Он широко взмахнул рукой, как бы приглашая всех полюбоваться на патефон с набором пластинок и гитару с пышным бантом на стене.

— Тебя, видать, разжалобишь, — сказала Моторина и, повернувшись ко мне, предложила: — Вы, гражданин, ищите, чего вам надо. А хотите — спросите, может, я сама скажу, коли знаю, чтобы и время вам не терять…

— К вам когда приходил Фокс? — наугад спросил я.

— Фокс? Дня два тому или три…

— А зачем приходил? Что делал?

— Ничего не делал. Он у меня вещи свои держит, с женой не живет. Вот он забрал шубу и ушел…

— Какие вещи? — посунулся я к ней.

— Чемодан, — спокойно сказала Моторина. Зашла за занавеску и вынесла оттуда кожаный желтый чемодан с ремнем посредине — точно по описанию чемодан Ларисы Груздевой.

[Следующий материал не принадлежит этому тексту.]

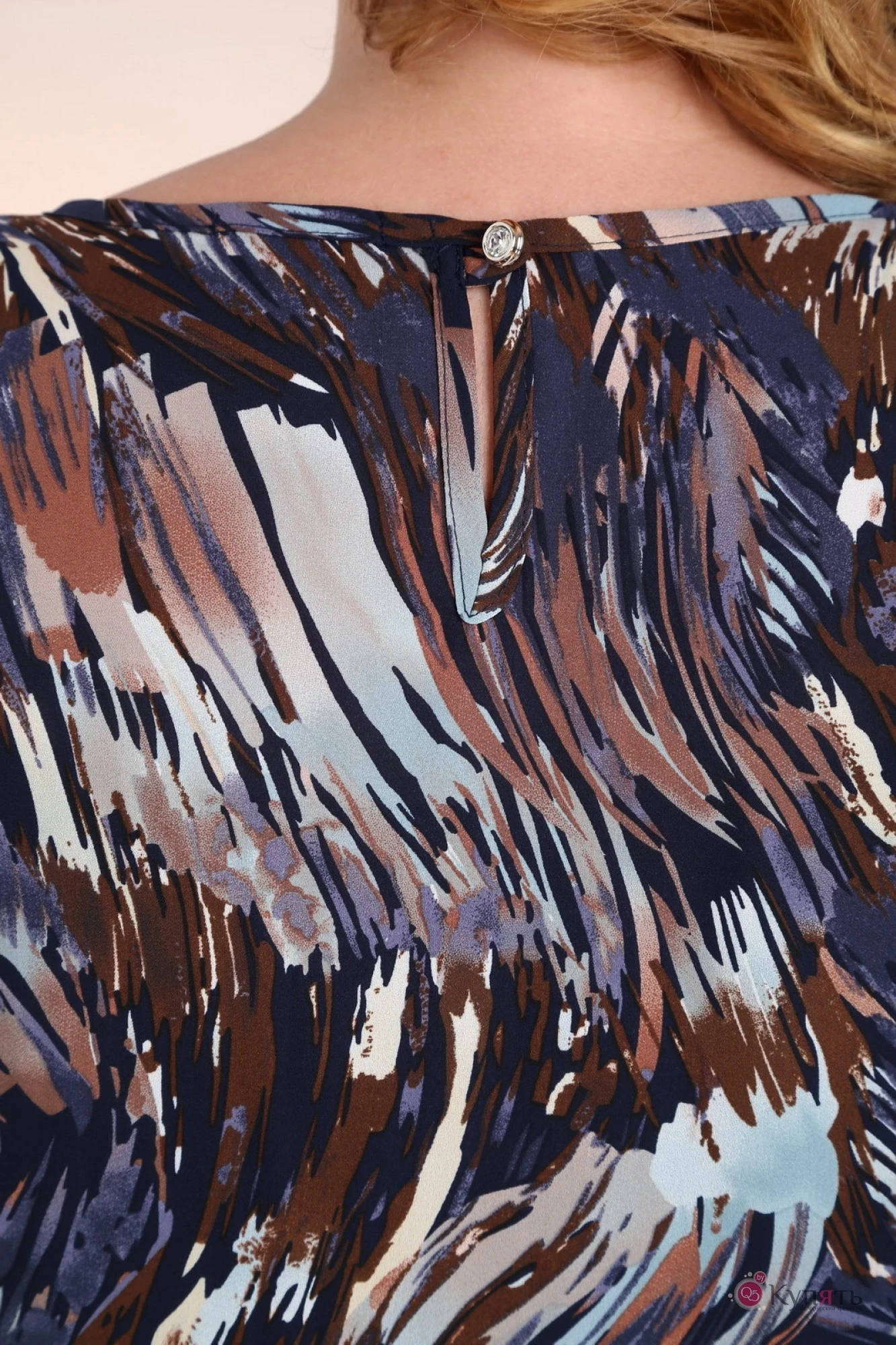 Платье женское, нарядное, А-силуэта, изготовлено из плательной ткани. Горловина круглой формы обработана окантовкой. Рукав втачной длиной 3/4 по низу складки. Перед с ассиметричным подрезом, в котором обработан вырез горловины и разрез. По линии талии имеется кулиса с декоративными завязками. В левой верхней части переда кокетка и застроченные складки. Спинка цельнокроеная.

— А какую, вы говорите, шубу он взял?

— Так я разве присматривалась? Черная меховая шуба, под котик она, кажется. Сложил ее в наволочку и унес.

В чемодане оказались чернобурка, платье из панбархата, темно-синий вязаный костюм, две шерстяные женские кофты — почти все вещи, похищенные из квартиры Ларисы. Это была неслыханная удача, в нее было трудно поверить. Оставалось только понять, как эти вещи от Груздева попали к неведомому Фоксу. Если бы его удалось задержать, все встало бы тогда на свои места.

— А как попал к вам Фокс? — спросил я.

— Его привел как-то несколько месяцев назад Петя Ручечник. Сказал, что знакомец его, в Москву он в командировки часто наезжает, а с гостиницами плохо, просил приютить. Он мне платил помаленьку…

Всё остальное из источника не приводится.